When a record contains an image, skip the image and retype the rest of that record exactly.

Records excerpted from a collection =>
_ _ _ _
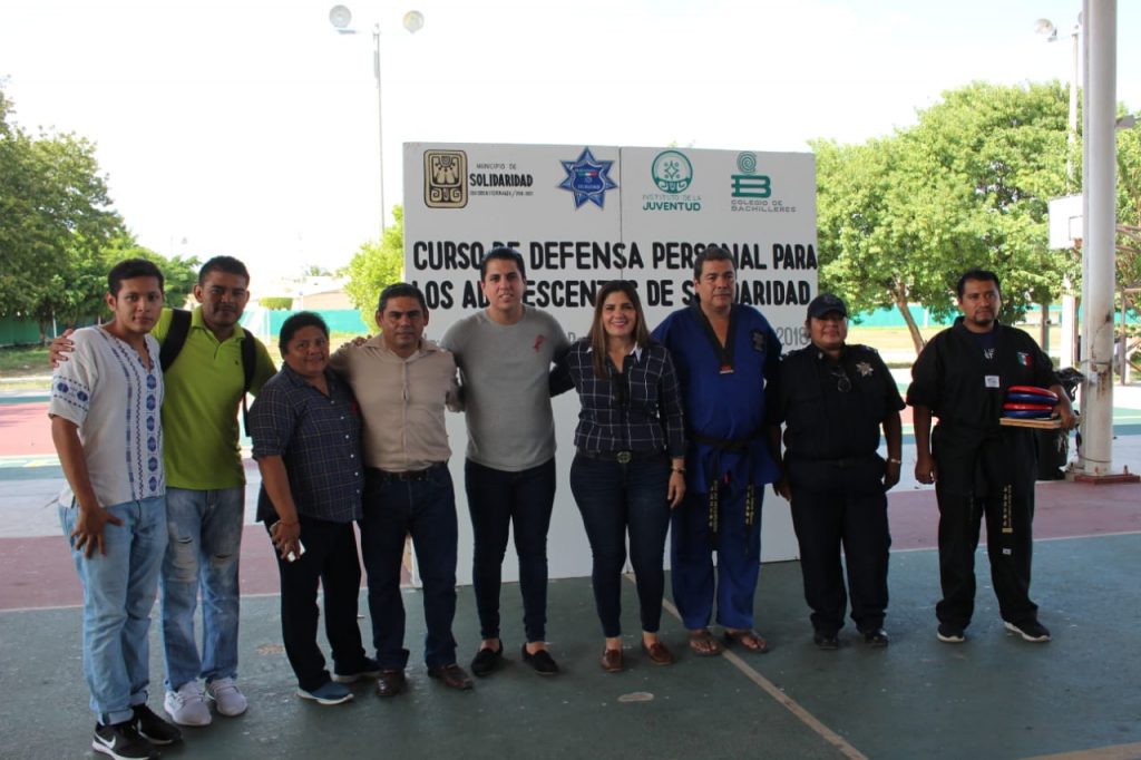 Solidaridad, Quintana Roo .-El gobierno de Solidaridad que encabeza la presidenta Laura Beristain Navarrete, a través del Instituto de la Juventud y en coordinación con la Dirección General  de Seguridad Pública y Tránsito Municipal, realizó el taller de “Defensa Personal y Táctica” dirigido a jóvenes estudiantes  de entre 15 a 18 años de edad, como parte de las acciones que se llevan a cabo para tener un municipio seguro.
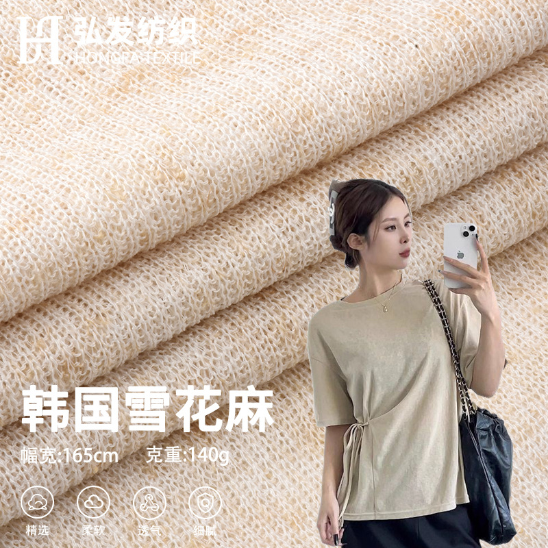 韓国スノーフレークリネン 140 グラム中空ウールポリエステルリネン 2 色肌に優しいニット春と夏の日焼け止め服底シャツ生地
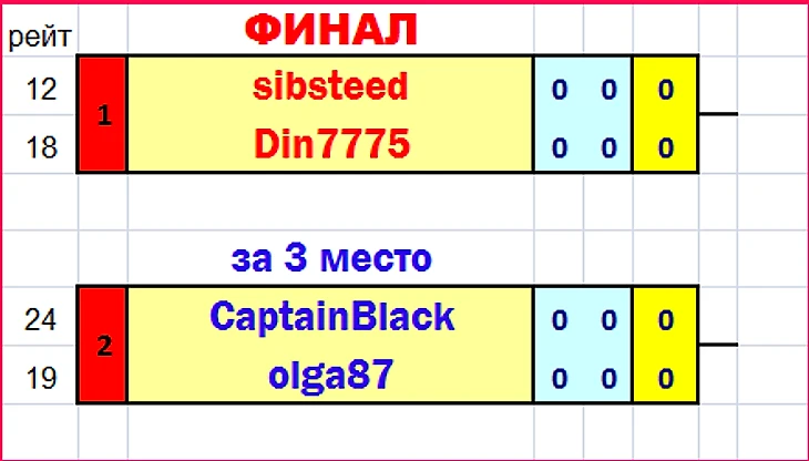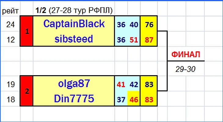 В противостоянии команд Ольги olga87 и Алексея Din7775 была настолько упорная борьба, что по итогам двух матчей определить сразу победителя не удалось и пришлось включить дополнительную опцию регламента - "На стадии плей-офф в случае ничейного исхода, дальше проходит участник, показавший максимальный результат в этом двухраундовом противостоянии с соперником (например 23:20, 21:24, дальше проходит тот, кто забил 24)...". В итоге 46 очков в ответном матче позволили пройти в финал Кубка Алексею!.. а обидное поражение, надеюсь, не позволит выбить из колеи Олю... впереди у нее утешительный финал - "матч за 3 место"
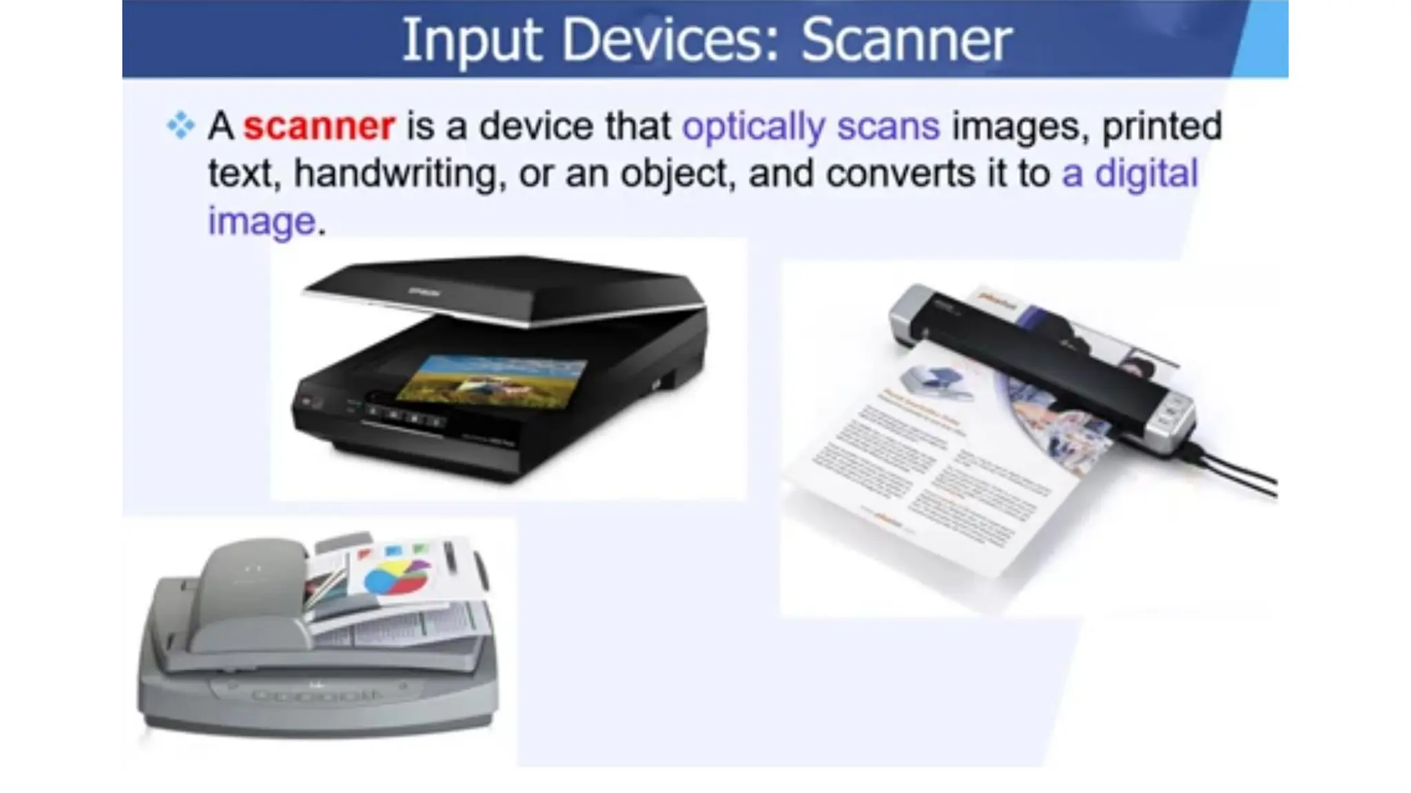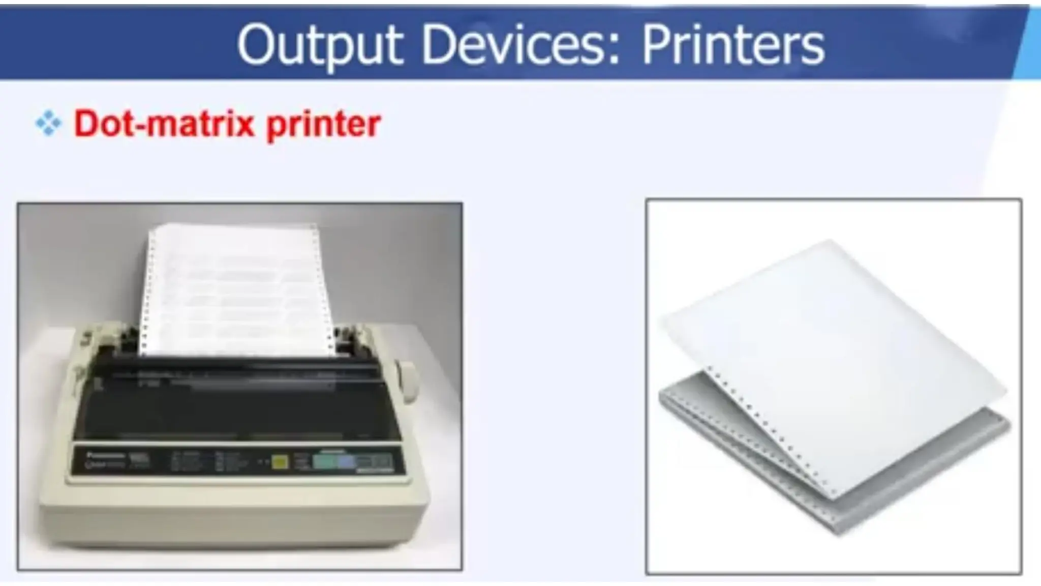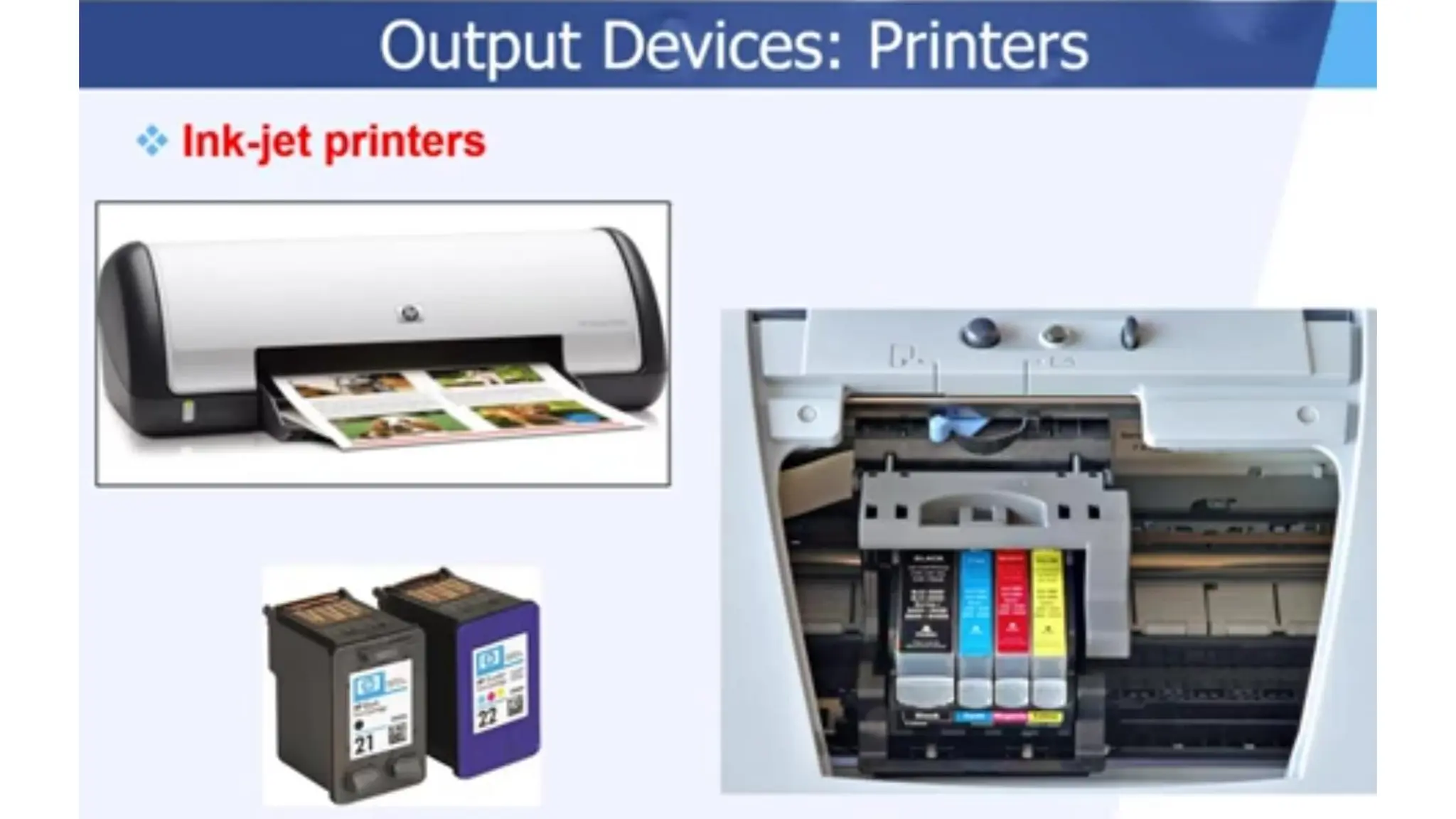 The document outlines the structure and content of the CS 101 course at the Modern Academy for Computer Science & Management Technology, focusing on input and output devices. It covers various input devices like keyboards, pointing devices, scanners, and digital cameras, along with their functionalities. Additionally, it discusses output devices, particularly printers, emphasizing the distinctions between different types and their operational characteristics.
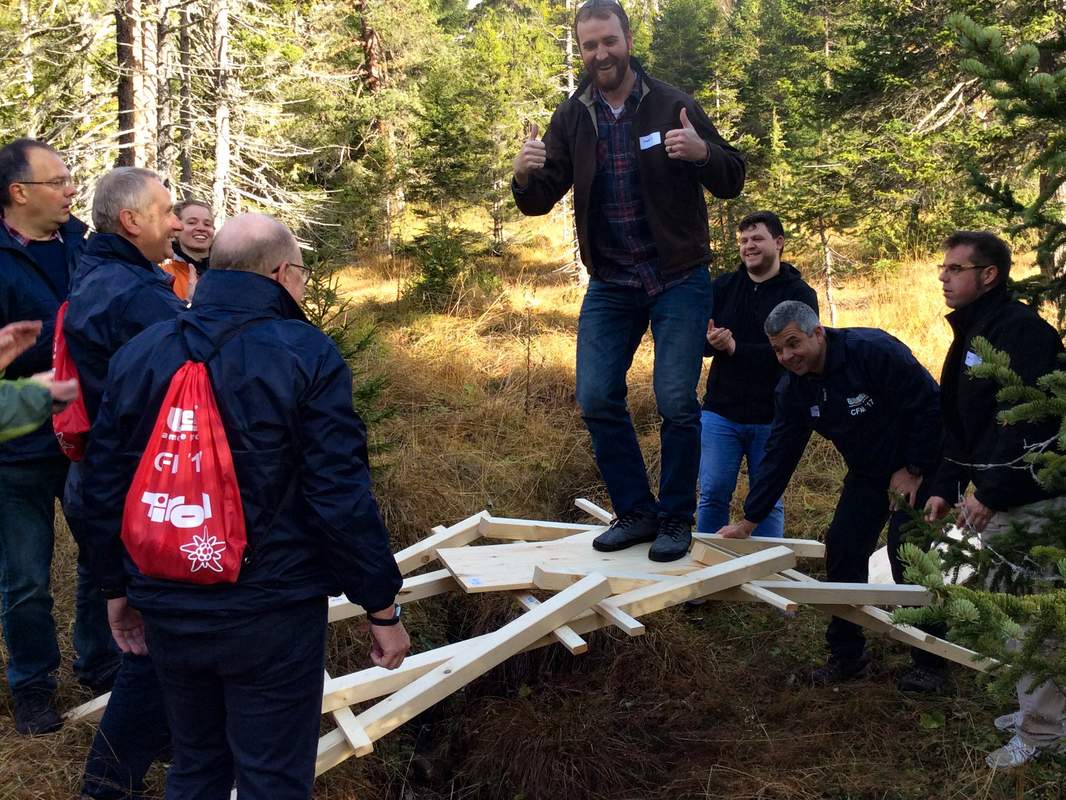 Nicht nur lustige und knifflige Aufgaben sind zu lösen. Es sind auch Geschicklichkeit beim Bogenschießen und Teamgeist bei der Leonardobrücke gefragt. Abschließend treffen die Teams auf einer Almhütte zusammen. Dort werden die Siegerteams geehrt und auf Wunsch ein Firmenlogo aus hölzernen Edelweiss zusammengesetzt.
_ _ _ _
Result of the exercise =>
 Solidaridad, Quintana Roo .-El gobierno de Solidaridad que encabeza la presidenta Laura Beristain Navarrete, a través del Instituto de la Juventud y en coordinación con la Dirección General  de Seguridad Pública y Tránsito Municipal, realizó el taller de “Defensa Personal y Táctica” dirigido a jóvenes estudiantes  de entre 15 a 18 años de edad, como parte de las acciones que se llevan a cabo para tener un municipio seguro.
 韓国スノーフレークリネン 140 グラム中空ウールポリエステルリネン 2 色肌に優しいニット春と夏の日焼け止め服底シャツ生地
 В противостоянии команд Ольги olga87 и Алексея Din7775 была настолько упорная борьба, что по итогам двух матчей определить сразу победителя не удалось и пришлось включить дополнительную опцию регламента - "На стадии плей-офф в случае ничейного исхода, дальше проходит участник, показавший максимальный результат в этом двухраундовом противостоянии с соперником (например 23:20, 21:24, дальше проходит тот, кто забил 24)...". В итоге 46 очков в ответном матче позволили пройти в финал Кубка Алексею!.. а обидное поражение, надеюсь, не позволит выбить из колеи Олю... впереди у нее утешительный финал - "матч за 3 место"
 The document outlines the structure and content of the CS 101 course at the Modern Academy for Computer Science & Management Technology, focusing on input and output devices. It covers various input devices like keyboards, pointing devices, scanners, and digital cameras, along with their functionalities. Additionally, it discusses output devices, particularly printers, emphasizing the distinctions between different types and their operational characteristics.
 Nicht nur lustige und knifflige Aufgaben sind zu lösen. Es sind auch Geschicklichkeit beim Bogenschießen und Teamgeist bei der Leonardobrücke gefragt. Abschließend treffen die Teams auf einer Almhütte zusammen. Dort werden die Siegerteams geehrt und auf Wunsch ein Firmenlogo aus hölzernen Edelweiss zusammengesetzt.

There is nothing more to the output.